(Data under study begins)
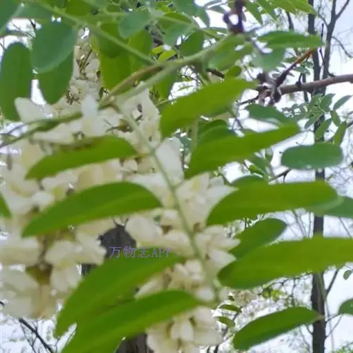 总状花序花序腋生,长10~20厘米,下垂,花多数,芳香;苞片早落;花梗 刺槐 长7~8毫米;花萼斜钟状,长7~9毫米,萼齿5,三角形至卵状三角形,密被柔毛;花冠白色,各瓣均具瓣柄,旗瓣近圆形,长16毫米,宽约19毫米,先端凹缺,基部圆,反折,内有黄斑,翼瓣斜倒卵形,与旗瓣几等长,长约16毫米,基部一侧具圆耳,龙骨瓣镰状,三角形,与翼瓣等长或稍短,前缘合生,先端钝尖;雄蕊二体,对旗瓣的1枚分离;子房线形,长约1.2厘米,无毛,柄长2~3毫米,花柱钻形,长约8毫米,上弯,顶端具毛,柱头顶生。
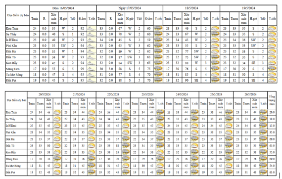 BẢN TIN DỰ BÁO, CẢNH BÁO THỜI TIẾT ĐIỂM ĐẾN 10 NGÀY KHU VỰC TỈNH KON TUM
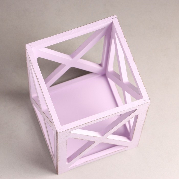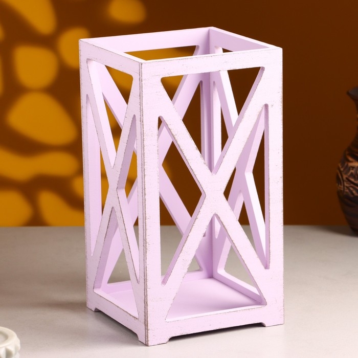 Кашпо деревянное 14×14×26 см "Фонарь Хай-тек Прованс", Сиреневый
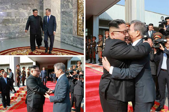 통신은 “최고령도자동지께서는 조미관계개선과 조선반도의 항구적이며 공고한 평화체제구축을 위하여 앞으로도 적극 협력해나가자고 말씀하시였다”며 “경애하는 최고령도자동지께서는 문재인대통령과 뜨겁게 포옹하시고 다시 만날 날을 약속하시며 작별인사를 나누시였다”고 보도했다.
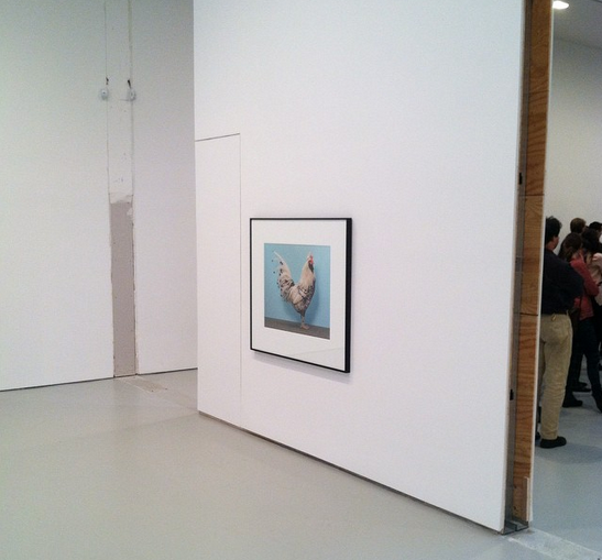 Placing these three sets of pieces along calculated sight lines, Williams’s manipulated walls effectively break the space of the room into various thematics based on the viewer’s position.  Depending on position, the viewer may contend with the camera alongside an image of the chicken, or perhaps the broken headlight in all of its cosmetic interference alongside a shining pan.  In each intersection, the idea of publication and the editorial decision, the act of depiction and its formatting within certain standards, takes a prominent role.
(Data under study ends)
Transcribe exactly the span of lines from the line holding "Кашпо деревянное 14×14×26" through the last line above, both included. Pictures stay out.

 Кашпо деревянное 14×14×26 см "Фонарь Хай-тек Прованс", Сиреневый
 통신은 “최고령도자동지께서는 조미관계개선과 조선반도의 항구적이며 공고한 평화체제구축을 위하여 앞으로도 적극 협력해나가자고 말씀하시였다”며 “경애하는 최고령도자동지께서는 문재인대통령과 뜨겁게 포옹하시고 다시 만날 날을 약속하시며 작별인사를 나누시였다”고 보도했다.
 Placing these three sets of pieces along calculated sight lines, Williams’s manipulated walls effectively break the space of the room into various thematics based on the viewer’s position.  Depending on position, the viewer may contend with the camera alongside an image of the chicken, or perhaps the broken headlight in all of its cosmetic interference alongside a shining pan.  In each intersection, the idea of publication and the editorial decision, the act of depiction and its formatting within certain standards, takes a prominent role.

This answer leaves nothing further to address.